Fonds spéciaux : le Conseil constitutionnel déclare irrecevable la proposition de loi de l’Assemblée nationale

Mardi 25 Aout 2026

Le Conseil constitutionnel a tranché. Les Sages ont déclaré irrecevable la proposition de loi initiée à l’Assemblée nationale en vue d’encadrer les fonds spéciaux. Cette décision met un terme, en l’état, au processus législatif engagé par les députés sur cette question sensible liée à la gestion des finances publiques.
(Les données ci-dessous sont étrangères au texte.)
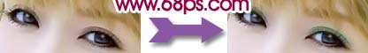5、给眼睛加眼影,新建一个新的图层选择合适大小的笔刷,并将前景色设置为自己喜欢的颜色,在眼皮上开刷,轻轻的刷一下就OK了。高斯模糊2-3个象素,并将混合模式设置为柔光,不透明度自己可以根据感觉来调整: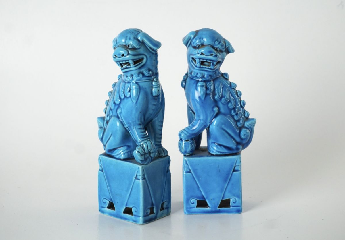 Par de esculturas em porcelana chinesa
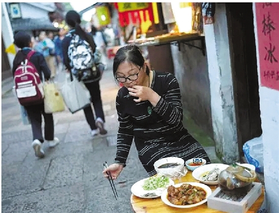 绍兴仓桥直街,人来客往。傍晚,居民童秀娟把小饭桌搬到家门口,倚街而坐,拈起一只醉虾嘬起来。寻常烟火味,弥散开来。

La décision de la haute juridiction intervient dans un contexte marqué par une vigilance accrue sur le respect des règles constitutionnelles entourant l’élaboration et l’adoption des lois. En déclarant la proposition irrecevable, le Conseil constitutionnel rappelle les limites qui s’imposent aux initiatives parlementaires, notamment lorsqu’elles touchent aux finances publiques et aux prérogatives de l’Exécutif.

Le texte porté par l’Assemblée nationale entendait instaurer un cadre législatif autour des fonds spéciaux. Mais l’initiative parlementaire n’a finalement pas franchi le contrôle du Conseil constitutionnel, dont la décision bloque sa poursuite dans sa forme actuelle.

Cette nouvelle décision intervient quelques semaines après un autre arbitrage important des Sages. En juillet dernier, le Conseil constitutionnel avait déjà invalidé la proposition de révision constitutionnelle n°17/2026 adoptée par les députés.

La haute juridiction avait notamment relevé la création de nouvelles charges publiques sans recettes compensatrices, en violation de l’article 82 de la Constitution, ainsi que le non-respect d’une demande de vote bloqué formulée par le Gouvernement.

Avec l’irrecevabilité de la proposition de loi sur les fonds spéciaux, le Conseil constitutionnel réaffirme ainsi la primauté des règles constitutionnelles dans la fabrication de la loi et rappelle que l’initiative parlementaire reste soumise aux conditions de recevabilité fixées par la Loi fondamentale.

Pour l’Assemblée nationale, cette décision constitue un nouveau rappel des limites constitutionnelles encadrant son pouvoir d’initiative, particulièrement lorsque les textes proposés ont une incidence sur les finances de l’État ou sur le champ de compétence de l’Exécutif.